--- DATA FOR THIS TASK ---
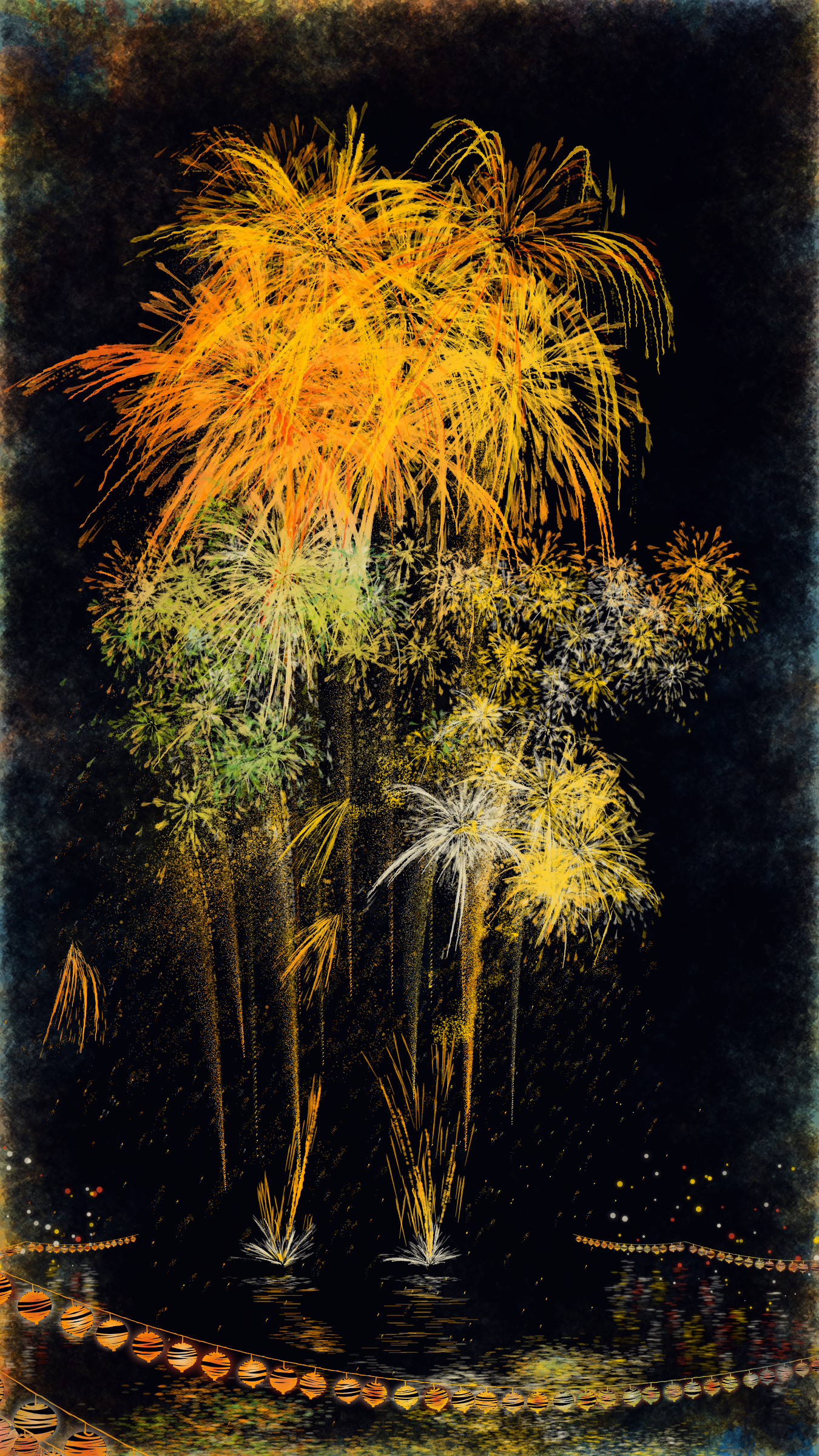 With fireworks as the central theme, it consists of the water surface reflecting the fireworks, the city lights in the distance, the silhouettes of the torii gates and arch bridge, and the twinkling lanterns. The shady black background expresses the smoky atmosphere.
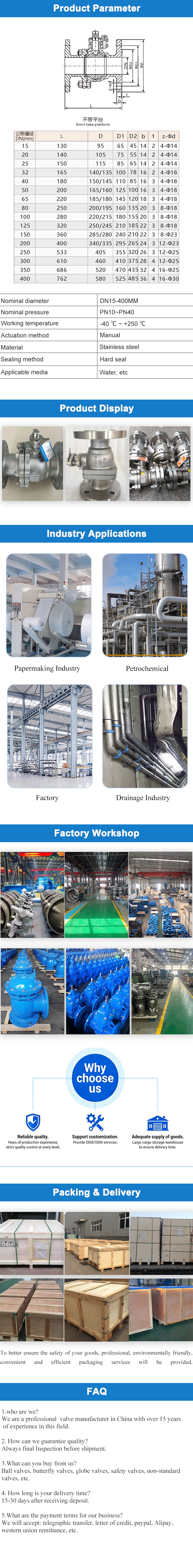 The manual stainless steel flange ball valve is an industrial control valve that integrates stainless steel corrosion-resistant material, stable flange connection, ball valve direct flow channel, and manual precision drive. By rotating the handwheel to drive the valve stem to rotate the ball 90 °, it can quickly cut off and adjust the pipeline fluid. It has the characteristics of reliable sealing,
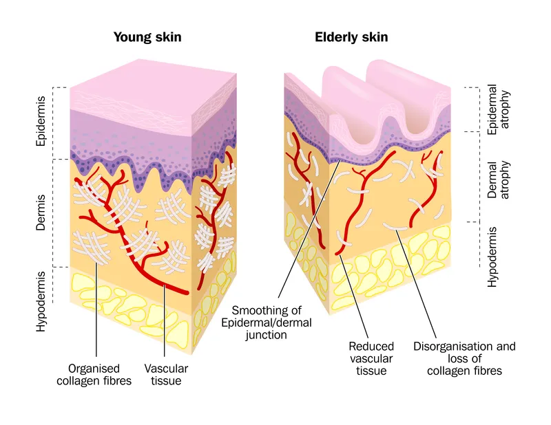 皮膚衰老的原因,除了內源性老化即機體自身細胞的衰老,更主要的因素是外源性老化,這其中又以陽光中紫外線照射影響最大,稱為“光老化”。
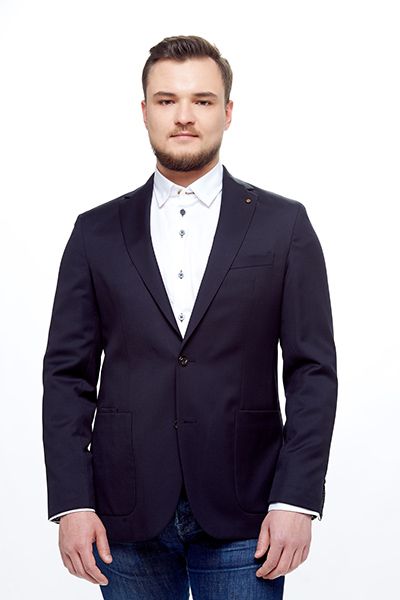 Особенности модели: отложной ворот с лацканами, накладные карманы по бокам, карман - листочка, сзади две шлицы. Застежка на две пуговицы. Отделка внутренних карманов дополнена принтованной тканью. Полный подклад.
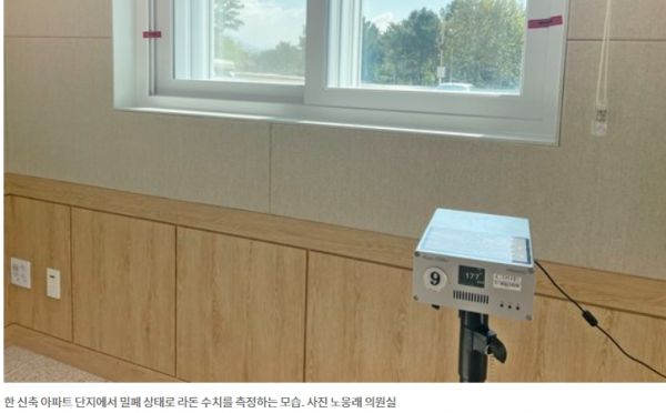 한국아파트신문 등에 따르면 국회 환경노동위원회 소속 노웅래 더불어민주당 의원이 환경부로부터 제출받은 2021년 신축공동주택 2531 가구 중 399 가구(15.7%)에서 1급 발암물질인 라돈이 기준치를 초과한 것으로 나타났으며, ‘2022년 신축 공동주택 라돈 자가측정 결과’에서 2022년 조사한 1925 가구 중 145 가구(7.5%)에서 권고 기준인 148 베크렐(Bq/㎥) 이상의 라돈이 검출됐다.
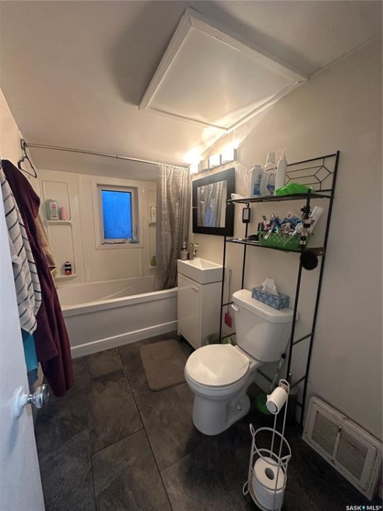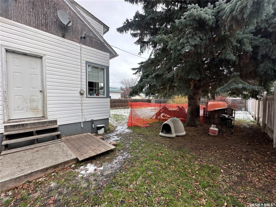 Welcome to this 1,001sq.ft. 1 and � storey home ideally located just one block from the golf course. Set on a huge, fully fenced yard this property offers exceptional outdoor space – great for entertaining, kids, pets or future garden plans. The main floor features a spacious kitchen with ample cupboard space, with easy flow into the dining area and living room. Convenient backyard access can be found in the living room, seamlessly blending indoor and outdoor living. A handy 2PC bathroom completes the main level. Upstairs, you'll find two bedrooms, a 3PC bathroom and a dedicated storage area for added convenience. The partially finished basement adds extra living space with an additional bedroom – ideal for guests, a home office or growing families. This home offers a great combination of space, functionality and outdoor enjoyment. Ready for its next owners to move in and make it their own. Recent upgrades include shingles and front steps. Taxes for 2025 are $1,706. Book your showing today!
---
-- WORK REQUEST --
Apart from the pictures, repeat the data above exactly.

-- REPLY TO THE EXERCISE --
 With fireworks as the central theme, it consists of the water surface reflecting the fireworks, the city lights in the distance, the silhouettes of the torii gates and arch bridge, and the twinkling lanterns. The shady black background expresses the smoky atmosphere.
 The manual stainless steel flange ball valve is an industrial control valve that integrates stainless steel corrosion-resistant material, stable flange connection, ball valve direct flow channel, and manual precision drive. By rotating the handwheel to drive the valve stem to rotate the ball 90 °, it can quickly cut off and adjust the pipeline fluid. It has the characteristics of reliable sealing,
 皮膚衰老的原因,除了內源性老化即機體自身細胞的衰老,更主要的因素是外源性老化,這其中又以陽光中紫外線照射影響最大,稱為“光老化”。
 Особенности модели: отложной ворот с лацканами, накладные карманы по бокам, карман - листочка, сзади две шлицы. Застежка на две пуговицы. Отделка внутренних карманов дополнена принтованной тканью. Полный подклад.
 한국아파트신문 등에 따르면 국회 환경노동위원회 소속 노웅래 더불어민주당 의원이 환경부로부터 제출받은 2021년 신축공동주택 2531 가구 중 399 가구(15.7%)에서 1급 발암물질인 라돈이 기준치를 초과한 것으로 나타났으며, ‘2022년 신축 공동주택 라돈 자가측정 결과’에서 2022년 조사한 1925 가구 중 145 가구(7.5%)에서 권고 기준인 148 베크렐(Bq/㎥) 이상의 라돈이 검출됐다.
 Welcome to this 1,001sq.ft. 1 and � storey home ideally located just one block from the golf course. Set on a huge, fully fenced yard this property offers exceptional outdoor space – great for entertaining, kids, pets or future garden plans. The main floor features a spacious kitchen with ample cupboard space, with easy flow into the dining area and living room. Convenient backyard access can be found in the living room, seamlessly blending indoor and outdoor living. A handy 2PC bathroom completes the main level. Upstairs, you'll find two bedrooms, a 3PC bathroom and a dedicated storage area for added convenience. The partially finished basement adds extra living space with an additional bedroom – ideal for guests, a home office or growing families. This home offers a great combination of space, functionality and outdoor enjoyment. Ready for its next owners to move in and make it their own. Recent upgrades include shingles and front steps. Taxes for 2025 are $1,706. Book your showing today!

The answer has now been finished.